= PROMPT =
What is wanted is the full listing, word for word, without its pictures.

= RAW DATA =
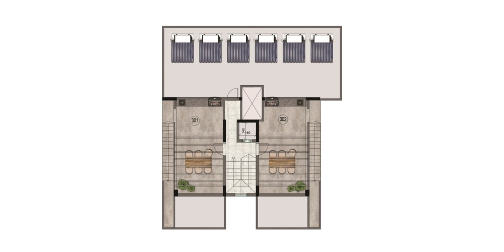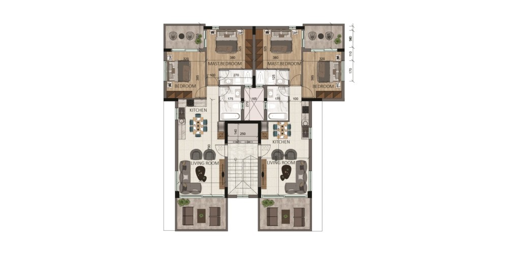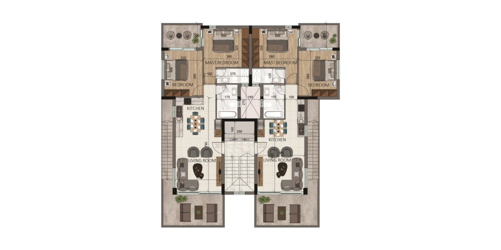 Каждая квартира спроектирована с открытой планировкой кухни и гостиной зоны, хозяйской спальней с отдельной ванной комнатой и качественной внутренней отделкой. Предусмотрены разводка под систему центрального отопления и кондиционирования воздуха, что делает квартиры пригодными для комфортного проживания в течение всего года. В здании также установлен лифт, а его инфраструктура отвечает современным стандартам энергоэффективности (сертификат класса A).
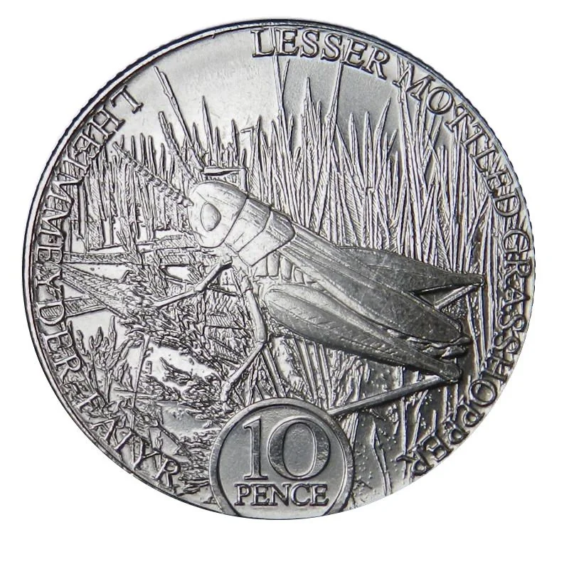 A lesser mottled grasshopper in grass, with Manx text and a circular denomination below.
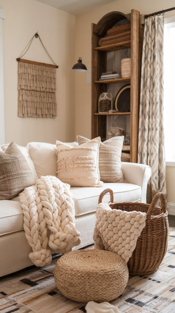 It also adds texture naturally, which is what makes farmhouse spaces feel cozy instead of cold or staged.

= EXERCISE SOLUTION =
 Каждая квартира спроектирована с открытой планировкой кухни и гостиной зоны, хозяйской спальней с отдельной ванной комнатой и качественной внутренней отделкой. Предусмотрены разводка под систему центрального отопления и кондиционирования воздуха, что делает квартиры пригодными для комфортного проживания в течение всего года. В здании также установлен лифт, а его инфраструктура отвечает современным стандартам энергоэффективности (сертификат класса A).
 A lesser mottled grasshopper in grass, with Manx text and a circular denomination below.
 It also adds texture naturally, which is what makes farmhouse spaces feel cozy instead of cold or staged.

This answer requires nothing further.